La polyréactivité entre espèce de poissons n’est ni systématique ni totale d’où l’intérêt de l’anamnèse
approfondie et de tests cutanés natifs suivi éventuellement d’un TPO.
- Gélatines: 10-30 % des patients allergiques aux poissons le sont aussi aux gélatines
- Béta-énolase (morue, thon, saumon), Fructose-biphosphonate aldolase A (morue, thon, saumon)
- Cas isolés: Tropomyosine (tilapia), Aldehyde-p-dehydrogenase, Triose-P-isomerase
- Allergies aux œufs de poissons: vitellogenine
2- Allergènes des crustacées:
- Tropomyosimes: allergènes majeurs pour 2/3 des patients avec r Pen a1 et Pen m1 pour les crevettes.
- Sarcoplasmic calcium binding protein (SCP) allergène mineur présentant une forte homologie entre les
crustacées (r Pen m 4).
- Arginine kinase: gambas, poulpe, pieuvre, crabe, écrevisses, crevettes roses (r Pen m2) et thon
- chaine légère de la myosine (MLC) retrouvé chez 56% des patients allergiques aux crevettes et homard
- Triosephosphate isomerase : crevettes et écrevisses
- Troponin c : crevettes-homard-écrevisses
- Chitine: constituant des carapaces et des coquilles de crustacées, céphalopodes et mollusques aussi que de
certains arthropodes et saccharomyces, colles de faux ongles et composants alimentaires,
- CCD: radicaux carbohydrates
3- Allergies croisées :
Elle est forte entre crustacées comme les crevettes et les crabes 64,7%, entre les acariens et les crustacées,
réactivité croisé Der p 10 et pen a 1 importante (tropomyosine) et Der p 20 et Pen m 2 (arginine kinase)
Rouge carmin : E120 corps séché de cochenille femelle
4- Diagnostic différentiel :
-1-Scombroidose : intoxication aux poissons (SSPI), poissons fermentés contaminés par des bactéries,
histamine jusqu’à 400 fois supérieure à la normale, symptomatologie de type anaphylactique rapide après
ingestion de poissons avec souvent un gout métallique à la bouche (thon, bonie,…).
-2-Anisakis : nématodes, forte prévalence dans les pays ayant une importante consommation de poisson
(Espagne, japon).
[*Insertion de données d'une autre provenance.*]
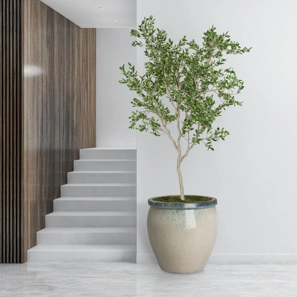 This Round planter is crafted of ceramic with a Distressed White glaze. Suitable for outdoor and indoor use. Adds color and texture to your home or garden.
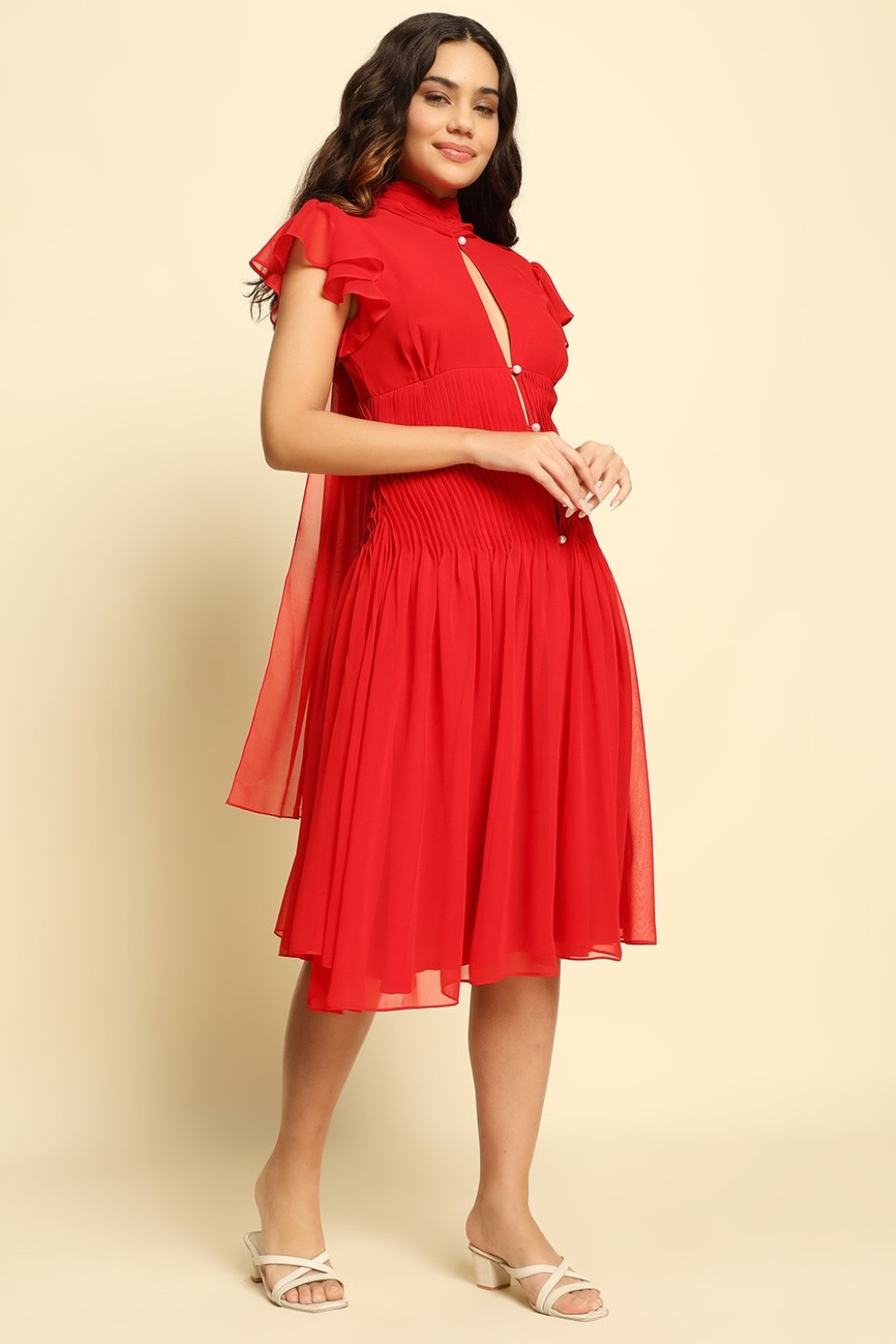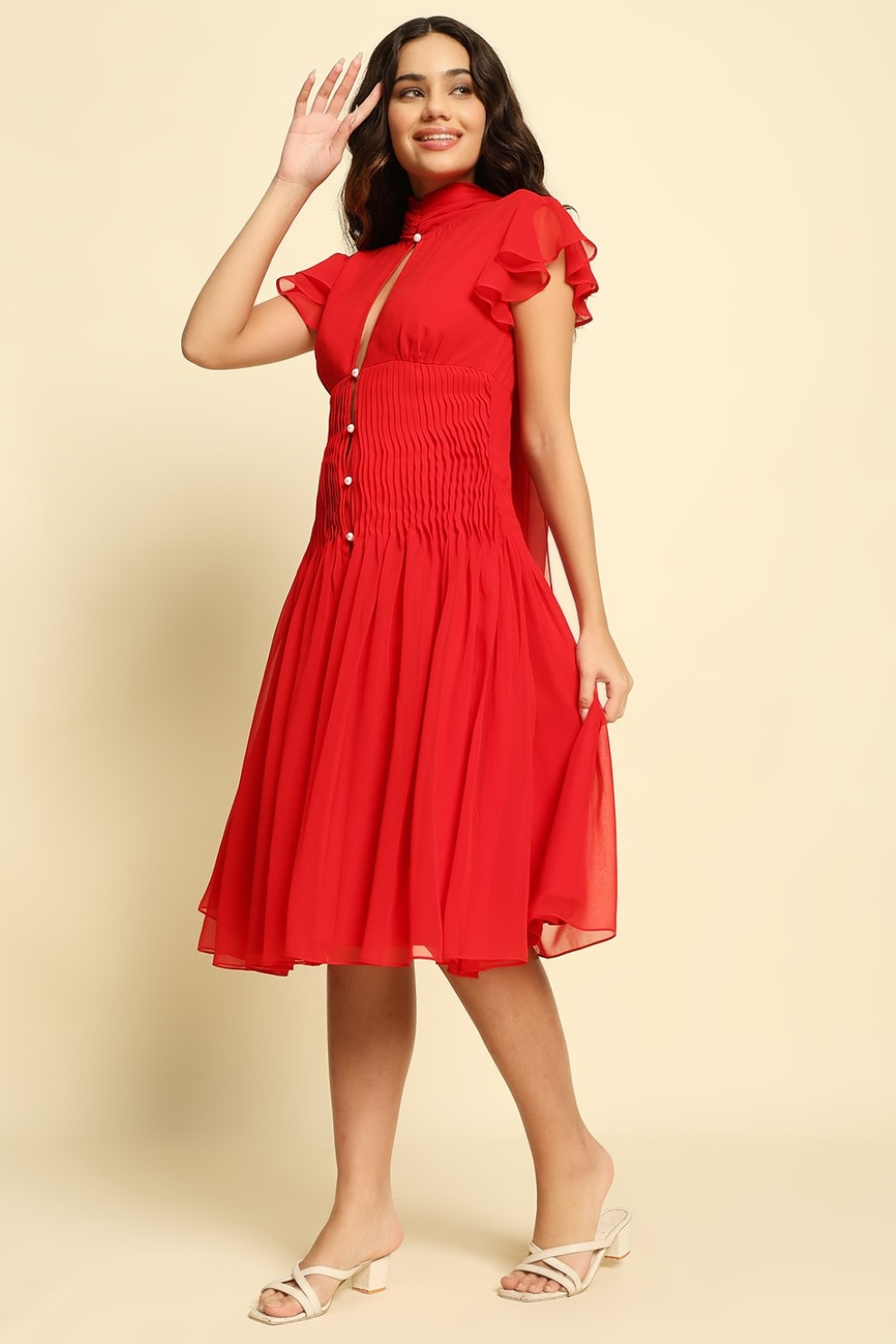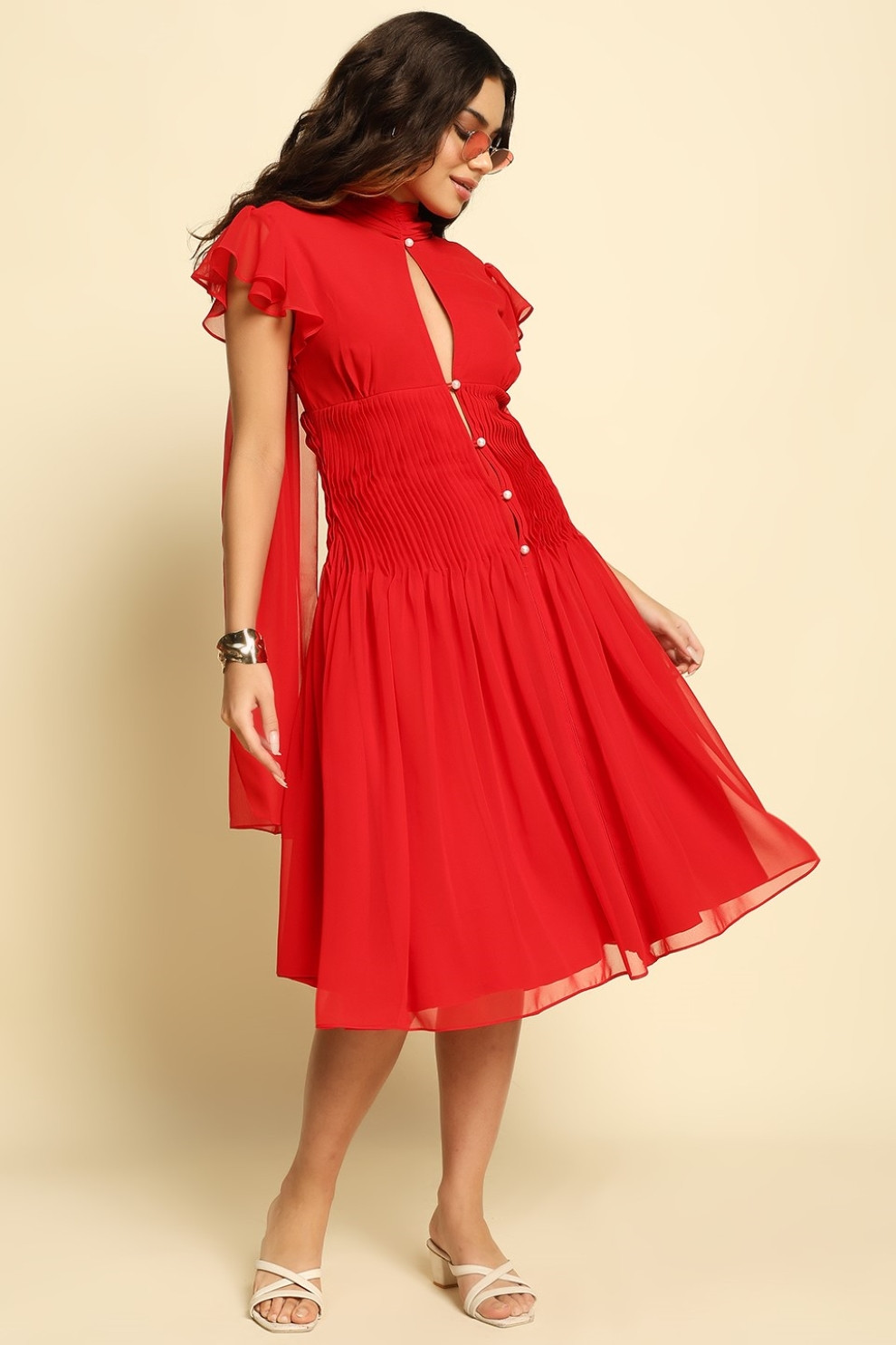 A head-turning beauty in the dreamiest red, this flowing georgette midi dress is made to move with you. Featuring a delicate leaf-shaped cut-out at the chest and a row of pearl buttons that offer subtle, peek-a-boo skin, it’s detailed with soft pintex pleating around the waist for the most flattering shape.

La prévalence est encore inconnue 1 à 2%, Le facteur de risque est lié à la consommation des
poissons, crustacées et mollusques crus ou insuffisamment cuits, les manifestations sont soit d’ordres
allergiques immédiates allant de l’urticaire à l’anaphylaxie soit sous forme de maladie gastro-intestinale avec
des douleurs abdominales intenses et vomissements.
-3-Ciguatéra : un ichtyosarcotoxisme, désigne une intoxication neurodigestive, provoquée par une micro-algue
(Gambierdiscus toxicus) contaminant principalement les poissons des récifs tropicaux et coralliens, d’évolution
bénigne seulement 5 % de cas d’hospitalisations dans les cas d’atteintes cardiaques et/ou neurologiques.
-4-Histamino-liberation non spécifique : liée au caractère histamino-liberateur du poisson, réactions cliniques
le plus souvent bénignes, surtout avec les poissons conservés (fumage), survient plusieurs heures après
l’ingestion
-5-urticaire aigue : par apport d’histamine exogène excessive.
Conclusion :
L’allergie aux poissons, crustacées et aux mollusques est un diagnostic clinique, l’anamnèse est un temps
primordial, le bilan allergologique est obligatoire, si l’allergie est confirmée l’éviction est le traitement idéal, la
prescription d’une trousse d’urgence est obligatoire, la réintroduction est souhaitable si bilan allergologique est
négatif, garder à l’esprit la recherche de cofacteurs déclenchant.